To further investigate the seven miRNA:3UTR pairs in the control group that conferred luciferase inhibition, we used two computational tools (TargetScan Custom v5.2, DIANA microT v2023) [61,62] and predicted EBV BART miRNA targets. Two of the seven miRNA:3UTR pairs (BART7:SOS1, BART22:SIAH1) were captured in DIANA microT predictions, providing an explanation for the observed knockdown. To more broadly evaluate all 137 different miRNA:3UTR combinations, we compared the results of the luciferase assays to the lists of EBV miRNA targets predicted by either DIANA microT or TargetScan.
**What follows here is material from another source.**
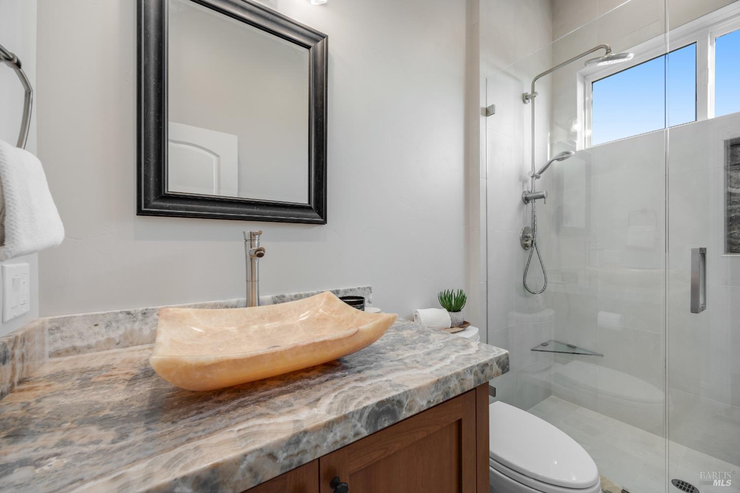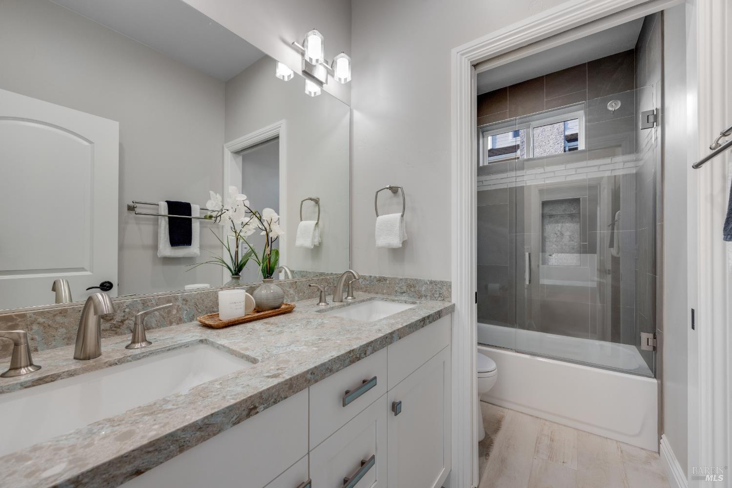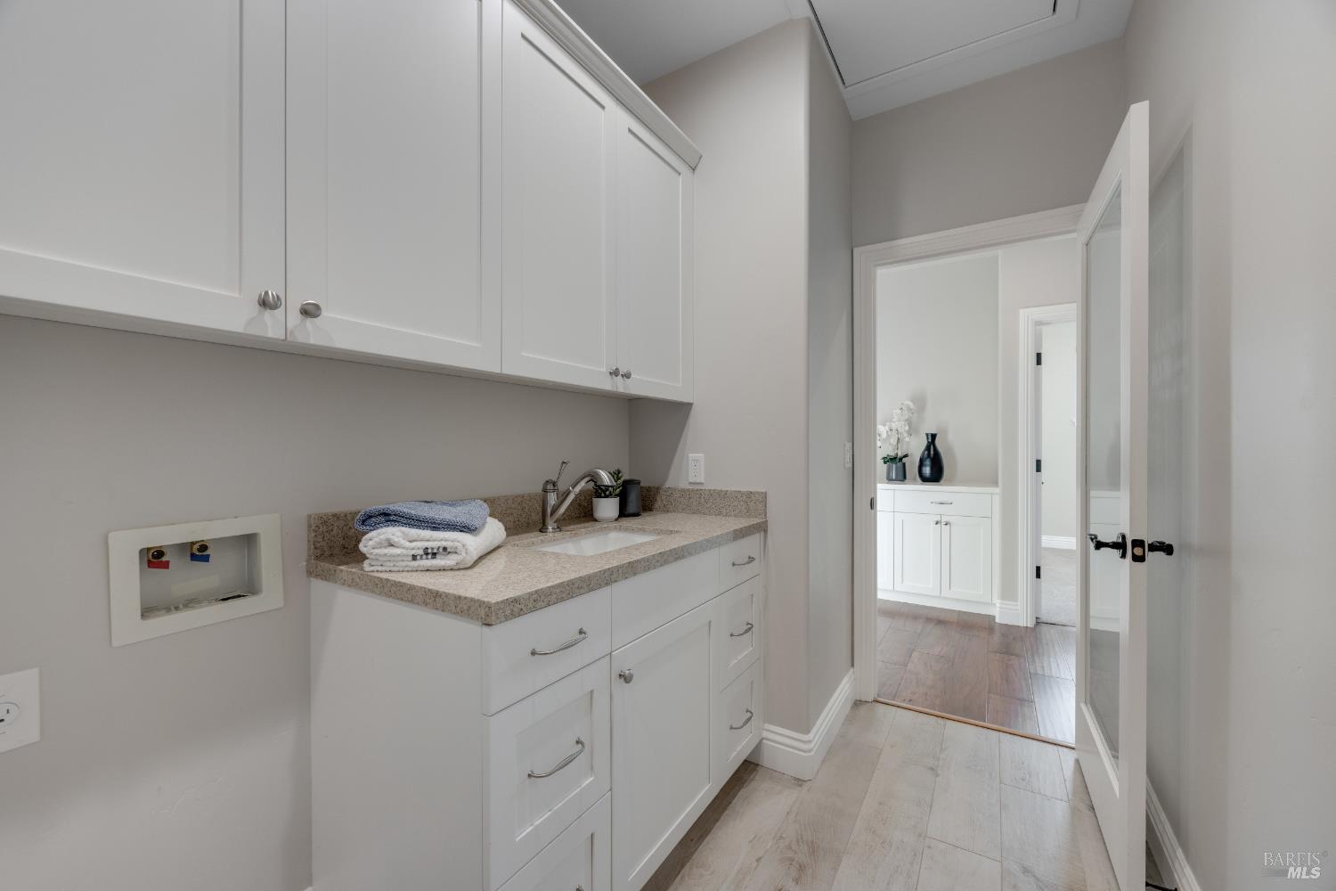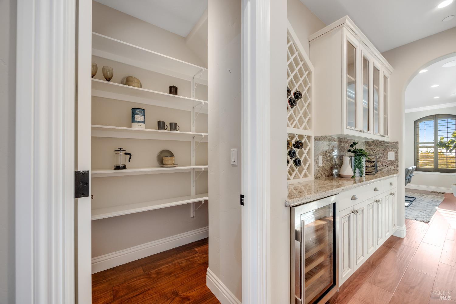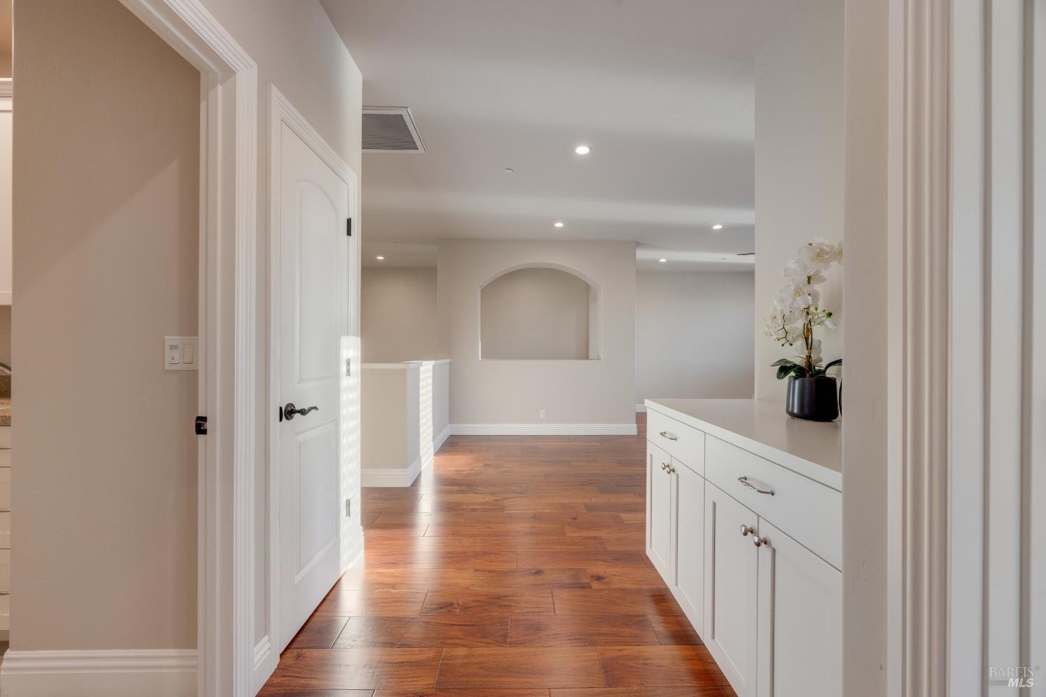 This modern, luxurious Fountaingrove gem blends elegance, comfort, and functionality across 3,818 sq. ft. of meticulously designed living space. Nestled on a generous 0.41-acre lot, this 4-bedroom, 3-bath home features a spacious loft, tile roof, and a 4-car tandem garage perfect for today's lifestyle. Step through the impressive entry to find crown molding and rich Acacia wood floors flowing throughout the main living spaces, setting a tone of warmth and sophistication. The formal dining room invites effortless entertaining, while the serene living room provides a peaceful retreat with tranquil views. The expansive great room centers around a stunning gas fireplace framed by custom built-ins and surround sound, seamlessly opening to the chef's kitchen. Culinary enthusiasts will love the granite countertops, soft-close cabinetry, pendant-lit island, Wolf double ovens and range, Sub-Zero refrigerator, KitchenAid dishwasher, and butler's pantry with wine storage plus a walk-in pantry with decorative glass door. The luxurious primary suite offers a private sanctuary featuring a cozy gas fireplace, coffered ceilings, dual walk-in closets, custom built-ins, private deck, spa-like bath with soaking tub, glass shower, and dual granite vanities. A dramatic staircase leads to the versatile upstairs loft, ideal for a media room, home office, or play space. Additional amenities include upstairs laundry, central heat/air, soft water system, owned solar, alarm system, and a whole-home Generac generator for ultimate peace of mind. Step outside to beautifully landscaped grounds with a paver patio, gas firepit, flagstone pathways, and a relaxing luxury spa all backed by open space for added privacy. A rare opportunity to experience elevated Fountaingrove living refreshed, refined, and ready to welcome you home.Interested in this Listing?

The number of miRNA:3UTR combinations overlapping with each list of predicted targets is shown in Figure 3D. By Fisher’s exact test (p = 0.154 for DIANA microT, p = 0.823 for TargetScan), no significant enrichments were identified in the group of 52 miRNA:3UTR pairs showing knockdown compared to the group of 85 miRNA:3UTR pairs for which there was no response. We also compared our list of functionally validated EBV BART miRNA:mRNA pairs to CLASH-identified miRNA:mRNA hybrids present in Akata BL cells [15]. Surprisingly, very little overlap was found with the 137 sites tested—in fact, only one interaction (RAB11A with miR-BART18–5p) yielding significant knockdown was captured by CLASH. Collectively, these findings demonstrate the continuing need for in vitro, rather than in silico, biochemical methods to examine viral miRNA target interactions.
Taken together, our assessment of 137 different combinations of BART miRNAs and human 3′UTRs identified 52 combinations that yielded > 20% knockdown, demonstrating these as functional EBV miRNA target sites. Direct biochemical evidence by Ago-CLIP was documented for 45 of these sites, while two additional 3′UTR targets could be explained by a predicted canonical seed match (≥7mer1A) to either EBV miR-BART7 or miR-BART22.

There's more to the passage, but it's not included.